Instructions for the task →
Output, exactly as written, the lines below from the one that has "De leeftijdsverdeling van" through the one that has "Descartes reported adjusted"; nothing else, and no pictures.

Dataset entries →
━━━━━━━━━━━━━━━━━━━━

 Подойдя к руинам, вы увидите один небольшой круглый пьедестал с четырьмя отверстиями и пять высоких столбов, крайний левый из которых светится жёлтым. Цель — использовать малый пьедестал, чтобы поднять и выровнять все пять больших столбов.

━━━━━━━━━━━━━━━━━━━━

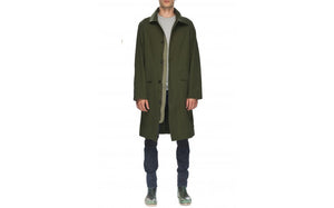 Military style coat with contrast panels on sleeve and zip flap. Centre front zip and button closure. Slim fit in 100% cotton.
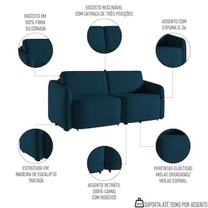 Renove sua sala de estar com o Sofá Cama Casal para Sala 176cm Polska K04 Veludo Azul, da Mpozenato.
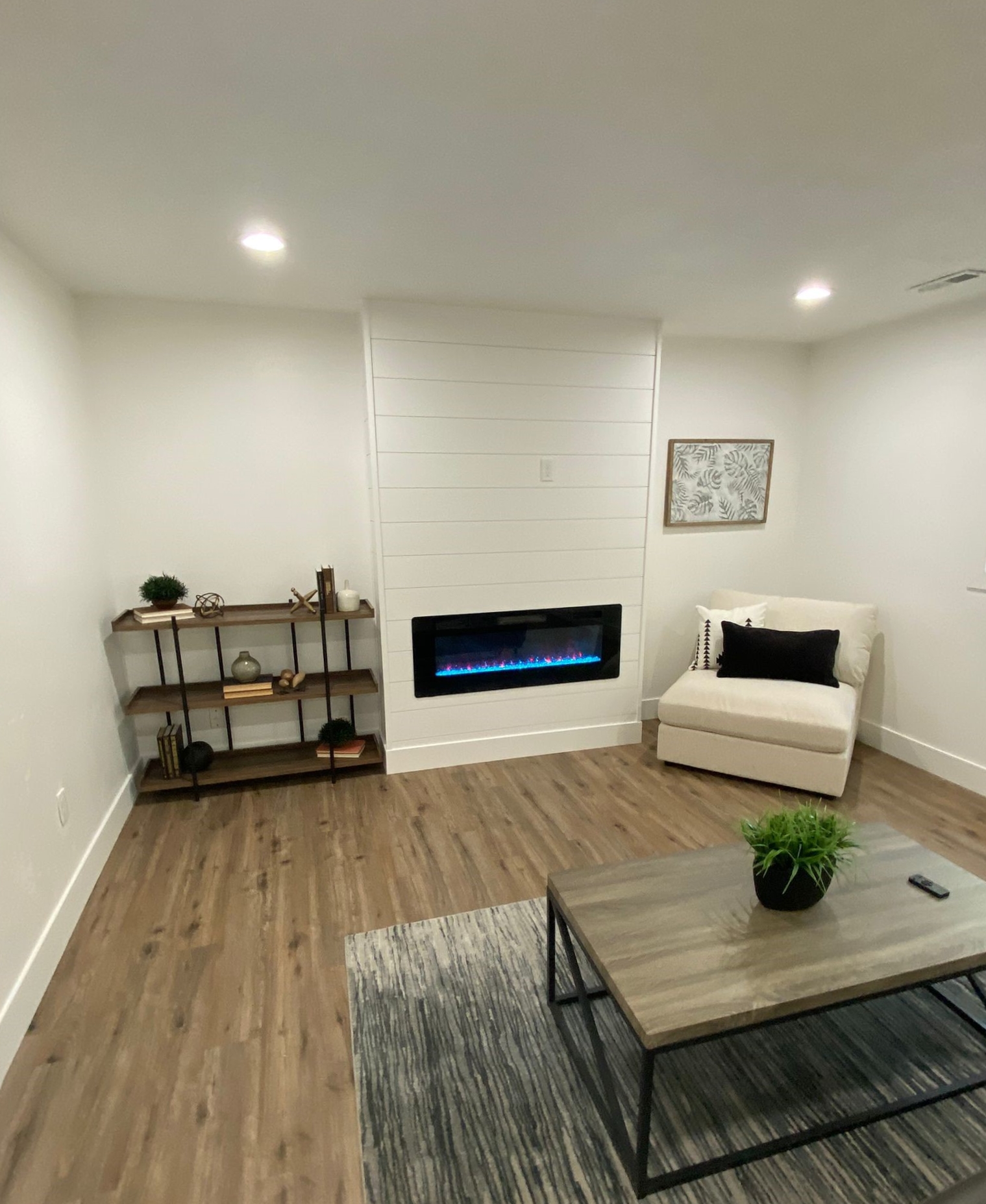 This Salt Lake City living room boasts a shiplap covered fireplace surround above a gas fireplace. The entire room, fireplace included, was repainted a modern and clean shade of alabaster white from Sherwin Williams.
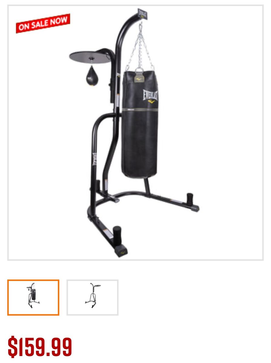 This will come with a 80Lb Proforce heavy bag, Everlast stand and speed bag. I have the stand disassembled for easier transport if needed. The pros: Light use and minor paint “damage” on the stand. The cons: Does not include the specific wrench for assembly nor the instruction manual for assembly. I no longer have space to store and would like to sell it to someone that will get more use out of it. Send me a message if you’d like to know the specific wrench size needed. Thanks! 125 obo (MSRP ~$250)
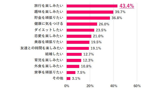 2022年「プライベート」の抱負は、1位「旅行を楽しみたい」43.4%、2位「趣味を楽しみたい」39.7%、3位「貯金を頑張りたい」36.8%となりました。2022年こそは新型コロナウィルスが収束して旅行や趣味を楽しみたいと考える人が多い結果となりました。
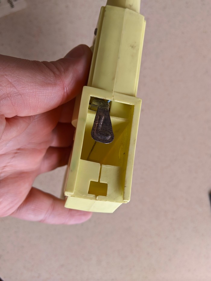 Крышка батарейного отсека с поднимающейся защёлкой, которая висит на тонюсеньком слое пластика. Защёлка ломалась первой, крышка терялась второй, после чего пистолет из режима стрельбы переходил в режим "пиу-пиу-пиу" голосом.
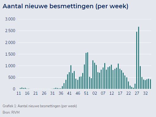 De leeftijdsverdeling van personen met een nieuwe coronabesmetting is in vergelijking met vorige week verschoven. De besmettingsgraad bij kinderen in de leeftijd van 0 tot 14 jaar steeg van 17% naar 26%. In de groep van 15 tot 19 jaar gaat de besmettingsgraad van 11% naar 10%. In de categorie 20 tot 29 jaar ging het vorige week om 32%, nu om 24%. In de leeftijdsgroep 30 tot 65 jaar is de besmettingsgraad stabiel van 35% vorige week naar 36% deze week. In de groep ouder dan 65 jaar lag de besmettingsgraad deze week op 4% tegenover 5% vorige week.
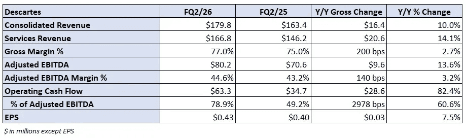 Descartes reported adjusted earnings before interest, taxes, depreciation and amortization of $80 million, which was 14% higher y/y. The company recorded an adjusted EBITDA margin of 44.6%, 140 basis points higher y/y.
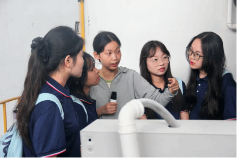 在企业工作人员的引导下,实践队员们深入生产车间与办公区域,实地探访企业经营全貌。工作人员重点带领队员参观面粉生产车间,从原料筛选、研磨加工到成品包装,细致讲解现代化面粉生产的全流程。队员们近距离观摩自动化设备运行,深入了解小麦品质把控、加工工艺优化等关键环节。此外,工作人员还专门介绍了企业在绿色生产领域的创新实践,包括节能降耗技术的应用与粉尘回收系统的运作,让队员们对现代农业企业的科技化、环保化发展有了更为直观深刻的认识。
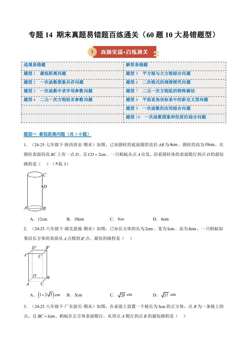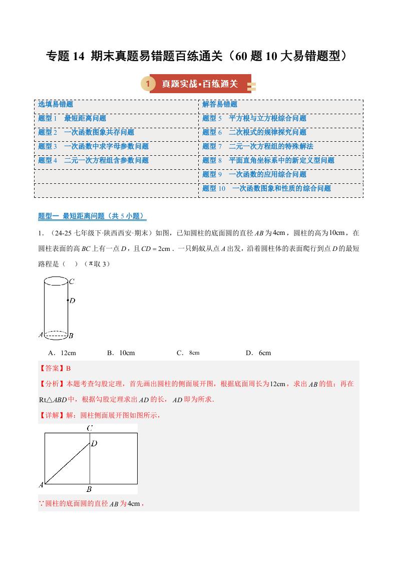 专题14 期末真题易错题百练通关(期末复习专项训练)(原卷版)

━━━━━━━━━━━━━━━━━━━━

Finished task →
 De leeftijdsverdeling van personen met een nieuwe coronabesmetting is in vergelijking met vorige week verschoven. De besmettingsgraad bij kinderen in de leeftijd van 0 tot 14 jaar steeg van 17% naar 26%. In de groep van 15 tot 19 jaar gaat de besmettingsgraad van 11% naar 10%. In de categorie 20 tot 29 jaar ging het vorige week om 32%, nu om 24%. In de leeftijdsgroep 30 tot 65 jaar is de besmettingsgraad stabiel van 35% vorige week naar 36% deze week. In de groep ouder dan 65 jaar lag de besmettingsgraad deze week op 4% tegenover 5% vorige week.
 Descartes reported adjusted earnings before interest, taxes, depreciation and amortization of $80 million, which was 14% higher y/y. The company recorded an adjusted EBITDA margin of 44.6%, 140 basis points higher y/y.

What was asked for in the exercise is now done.